Un análisis integral de la política exterior argentina de estos treinta años de continuidad institucional –que se cumplen el 10 de diciembre de 2013– requiere un primer paso de clarificación de algunos elementos de carácter teórico, otros históricos y algunos puramente conceptuales.

Durante ese tiempo cronológico ha trascurrido un tiempo político, signado por siete períodos presidenciales, lo que marca una etapa de continuidad que no habíamos tenido antes, a lo largo de todo el siglo XX. Y, si bien es algo conocido, en un país que ha carecido de estabilidad institucional durante tanto tiempo, no sería atinado esperar una política exterior completamente “estable”. Más bien, son los resabios de aquella inestabilidad los que también se han visto reflejados en nuestra agenda exterior.

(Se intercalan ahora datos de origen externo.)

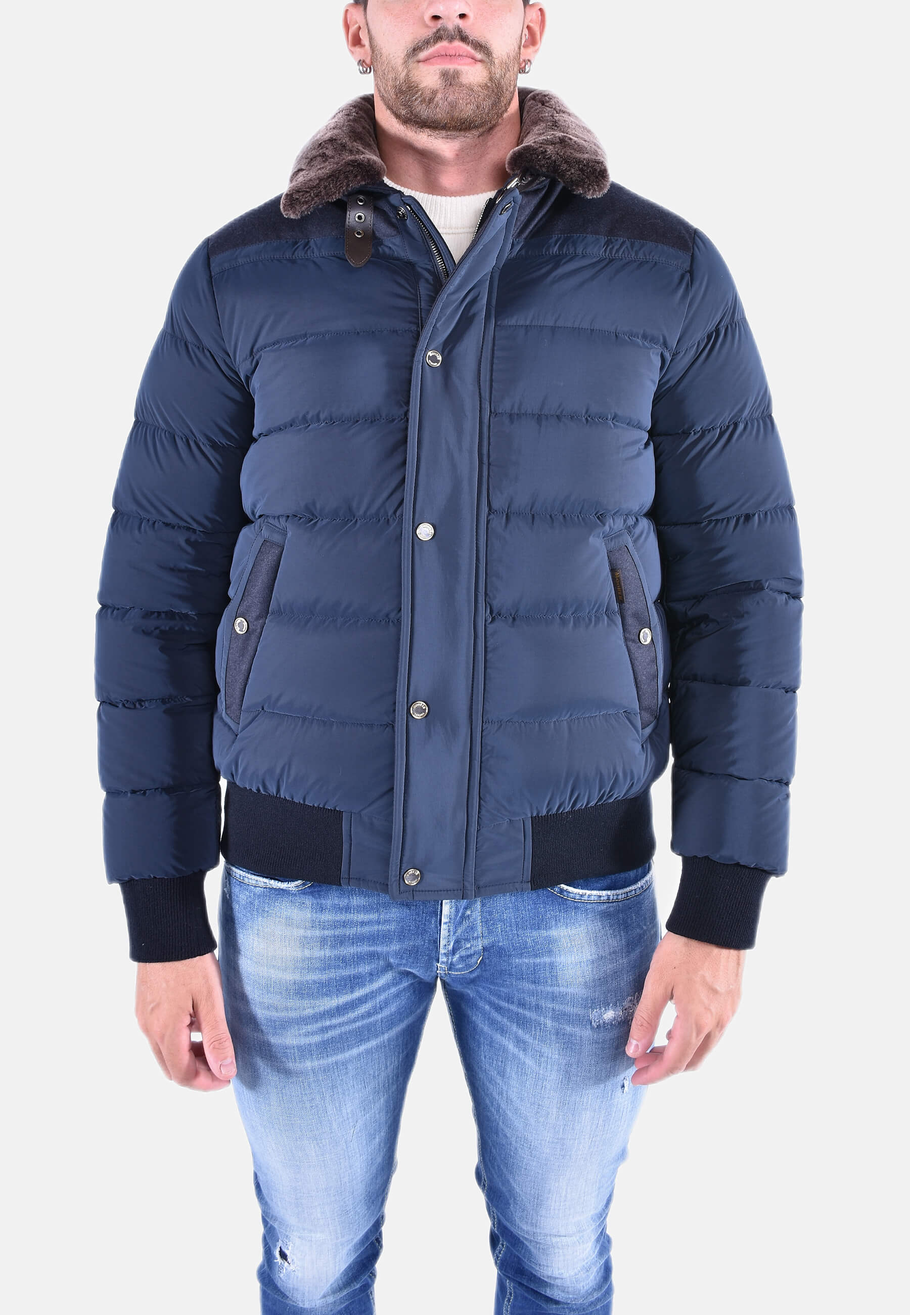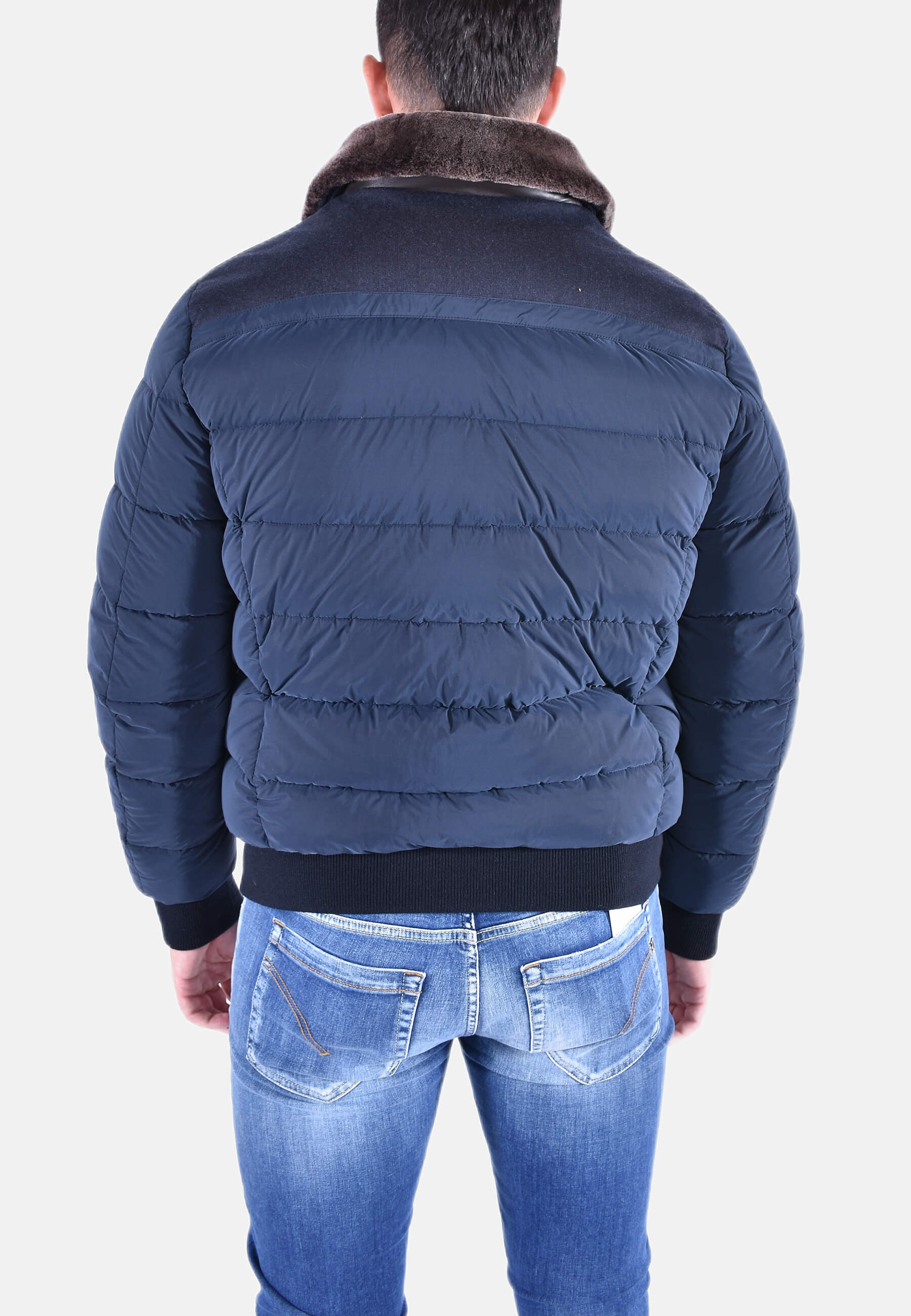 Bomber ibrido trapuntato a boudin imbottito in piuma d'oca, realizzato in misto flanella in lana membranata antigoccia e microfibra opaca. Doppia chiusura frontale con bottoni a pressione a vista e laccetto in pelle con fibbia sul collo. Fondo e polsi in maglia. Tasche con chiusura da bottoni a pressione a vista in finitura anticata tipica dell'abbigliamento jeans. Tasche interne porta documenti con rifiniture con fettucce logate.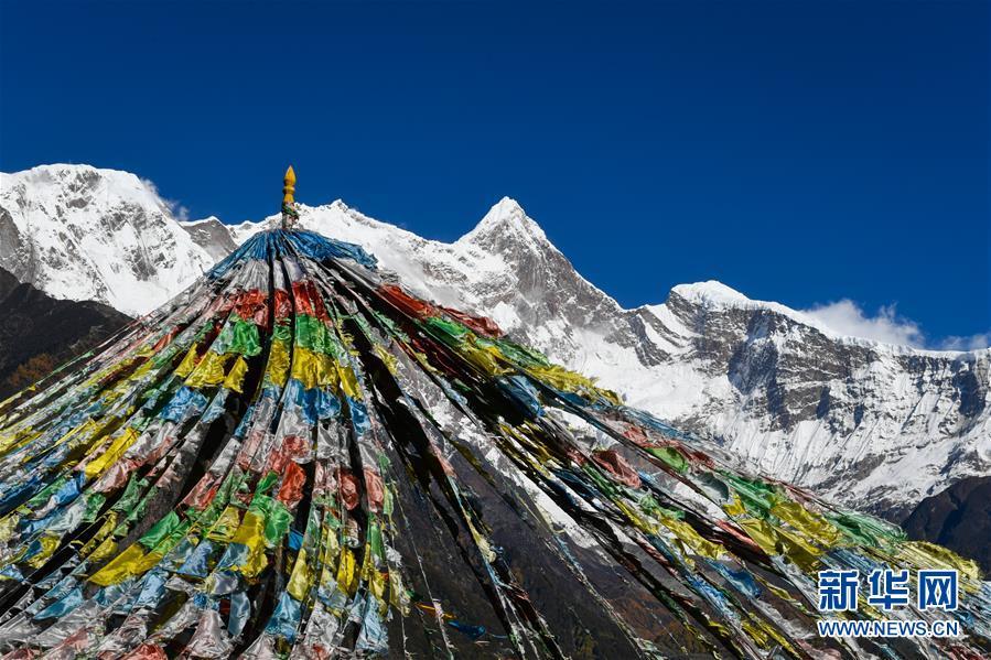 南迦巴瓦峰位于喜馬拉雅山脈東端,海拔7782米,峰頂終年積雪,蔚為壯觀。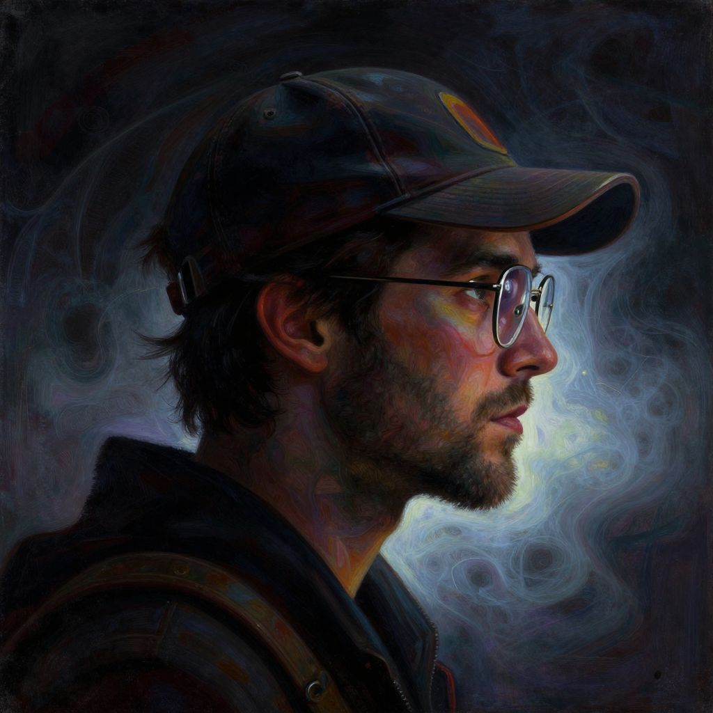 A dark and colorful close - up side profile portrait of a silhouette of a sci - fi young alien man with scruffy facial hair wearing a baseball hat and glasses. otherworldly glowing fog in the background. highly detailed science fiction painting by norman rockwell, frank frazetta, and syd mead. rich colors, high contrast, gloomy atmosphere, dark background. trending on artstation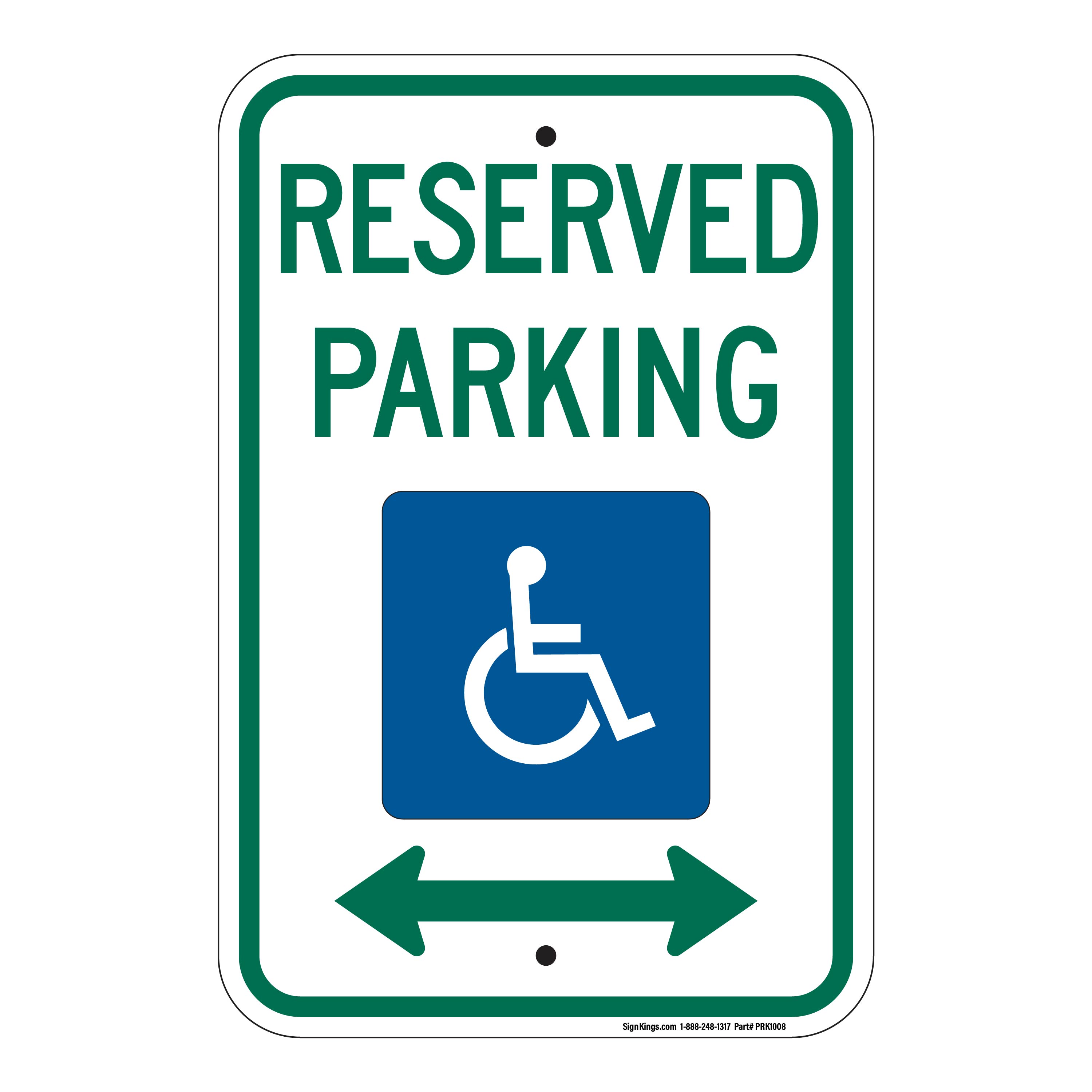 Display parking rules with our highly visible “Reserved Parking Handicap (Double Arrow) With Symbol” sign.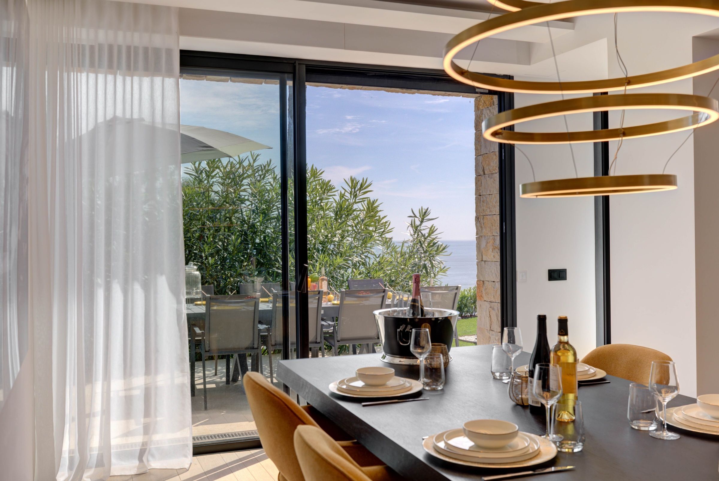The villa can accommodate ten guests in five bedrooms with large beds, en-suite bathrooms and wonderful sea views. The master bedroom also has a spacious terrace, a place where you can relax and quietly admire the view that this location has to offer.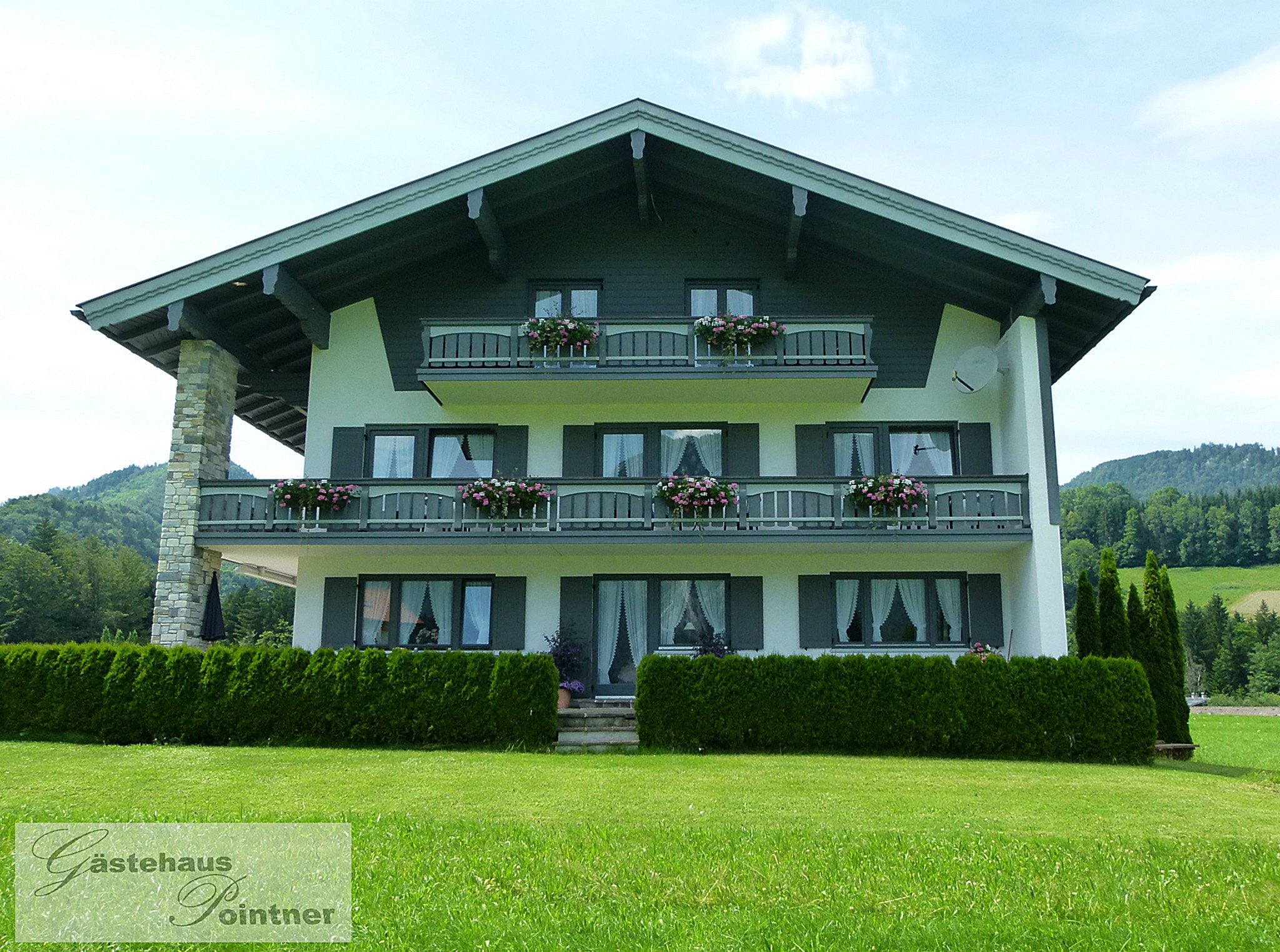Herzlich Willkommen im Gästehaus Pointner! Unser familienfreundliches Privathaus, mit freiem Blick auf Berge und Wiesen, liegt ruhig, etwas außerhalb und abseits vom Verkehr. Beginnen sie den Tag ganz entspannt nach Ihren Wünschen, ohne Stress die Frühstückszeiten einhalten zu müssen. Da bei uns im Haus kein Frühstück angeboten wird, können Sie selber entscheiden wo und wann Sie Frühstücken. Vielleicht in den netten Bäckereien oder Kaffees bei uns im Ort. Oder Sie fahren gleich los und genießen dann an dem Ausflugsort Ihrer Wahl eine Mahlzeit. Natürlich steht Ihnen bei uns im Haus ein Aufenthaltsraum mit Gästeküche zur Verfügung. Handtücher, WC Papier und Utensilien zur Selbstreinigung für Zwischendurch steht Ihnen ebenfalls zur Verfügung. Bei uns im Haus sind gerne auch Gruppen willkommen. Sie können sich gerne auch dann bei uns im Haus ein Frühstück selber zubereiten. Ein Gästekühlschrank steht für Sie bereit in dem für jedes Zimmer ein Fach reserviert ist. Einen gemütlichen Kaffee oder eine Brotzeit können Sie auch gerne entspannt bei uns im Haus herrichten. Ein Kaffeeautomat steht kostenlos zur Verfügung. Den Ortskern erreichen Sie in 15 Gehminuten. Wanderwege und Skiwanderloipen führen direkt am Haus vorbei. Unsere gemütliche Gemeinschaftsterrasse auf der Süd und Ostseite des Hauses lädt zum Entspannen, Plaudern und Frühstücken ein. Wanderwege und Skiwanderloipe führen direkt am Haus vorbei. Die nächste Gaststätte erreichen Sie in 5 Gehminuten, die nächste Bushaltestelle in 200m.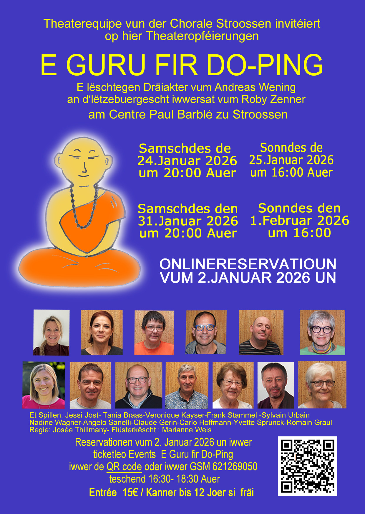 Reservatiounen vum 6.Januar un, tëschend 17:00 a 19:00 Auer iwwer GSM : 691 500 879 oder iwwer: chorale.strassen@gmail.com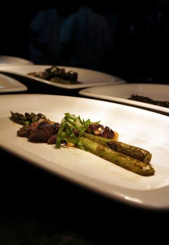 烟熏味、咸鲜味十足的熏猪鼻,配搭时令的紫芦笋,微微透露着鲜甜。酸摩和洋葱都是用来平衡猪鼻可能带来的肥腻感。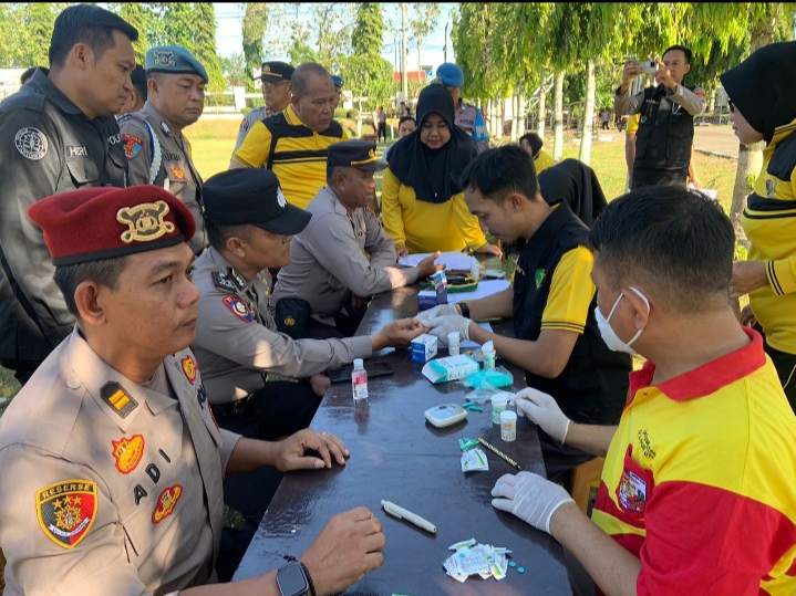 Pemeriksaan berupa pengecekan tekanan darah, gula darah, kolestrol, asam urat dan pemberian obat yang berlangsung di lapangan Mapolres.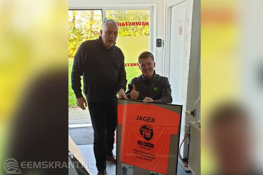 Delfzijl – Lokale Omroep Havenstad FM werd afgelopen week plots verrast met een bezoek van Dennie Jager van de Stichting Walk On. Hij bracht een ingelijst lopers T shirt mee voor de omroep als dank voor het bescheiden sponsoren met T-shirts voor hem en zijn team tijdens de 4 Mijl van Groningen.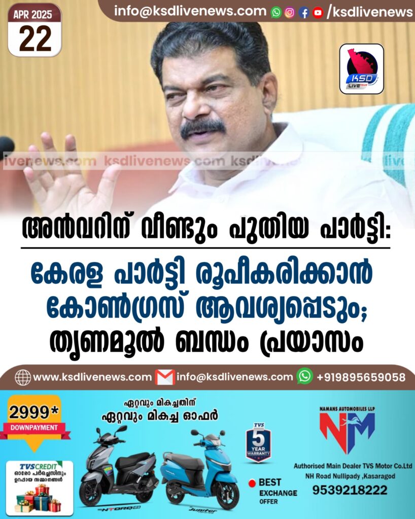 അൻവറിന് വീണ്ടും പുതിയ പാർട്ടി: കേരള പാർട്ടി രൂപീകരിക്കാൻ കോൺഗ്രസ് ആവശ്യപ്പെടും; തൃണമൂൽ ബന്ധം പ്രയാസം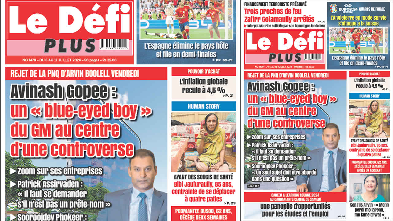 ? Voici la Une du Défi Plus. Le journal est en vente à Rs 25 l'exemplaire aux endroits habituels (supermarchés, boutiques, tabagies, superettes). Bonne lecture !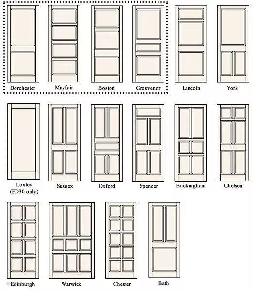 ▲ 常见的框型门形,其中前4种都适合用来当作衣柜门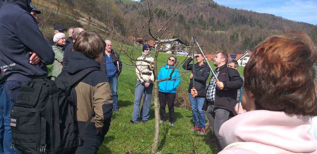 Prikaz pravilnega obrezovanja sadnega drevja je vodil profesor dr. Robert Veberič z Biotehniškene fakultete, ki je tudi odgovarjal na vsa vprašanja, ko so se vsi skupaj tudi s praktičnim prikazom sprehodili skozi šolski sadovnjak, ki se nahaja ob poti zgornjega parkirišča proti šolskemu čebelnjaku.

La política exterior de un Estado remite a las conductas, acciones y toma de posición que este sostiene en medio de la complejidad del escenario internacional. Y si bien el “poder de mando” forma parte de la definición teórica de Estado, no corresponde concebirlo como una entidad uniforme, y mucho menos estática. Tal como lo define Andrew Moravcsik en un artículo llamado “Liberal International Relations Theory. A Scientific Assessment”, el Estado se constituye al mismo tiempo como una “correa de transmisión de demandas particulares” de múltiples actores (sector privado, burocracias estatales, ciudadanía), y luego de cotejarlas con sus propios principios e intereses, tomará una decisión política convertida luego en acción estatal.

Y si damos por sentado que en la Argentina se produjeron entre 1930 y 1976 seis golpes de Estado, hay motivos suficientes para esperar que tal situación iría a dejar su impronta sobre la etapa de estabilidad institucional sobreviniente, en términos de dificultar una orientación estratégica unificada. Inclusive, una vez adentrados en el proceso institucional iniciado en 1983, las demandas corporativas lograron, por momentos, hacer tambalear la estabilidad interna, y, con ello, incidir sobre los comportamientos de nuestra política exterior, limitando –en uno y otro caso– el concepto de autonomía de la política respecto de los intereses corporativos e intentando provocar giros en nuestra política exterior, de modo que esta evidenciara, por momentos, una imagen de transitoriedad.

Como corolario de esto último, cabe decir que, para quien suscribe estas líneas, no es concebible, salvo discursivamente, la incompatibilidad entre las políticas que repercuten sobre la vida interior de un país y su política exterior, en términos de autonomía. A una política autónoma de los intereses corporativos a nivel interno corresponde una similar en el modo de relacionamiento externo, y, concomitantemente, cuando el país pasó por tramos de políticas condescendientes con los grupos corporativos, esto se reflejó tanto en uno como en otro escenario.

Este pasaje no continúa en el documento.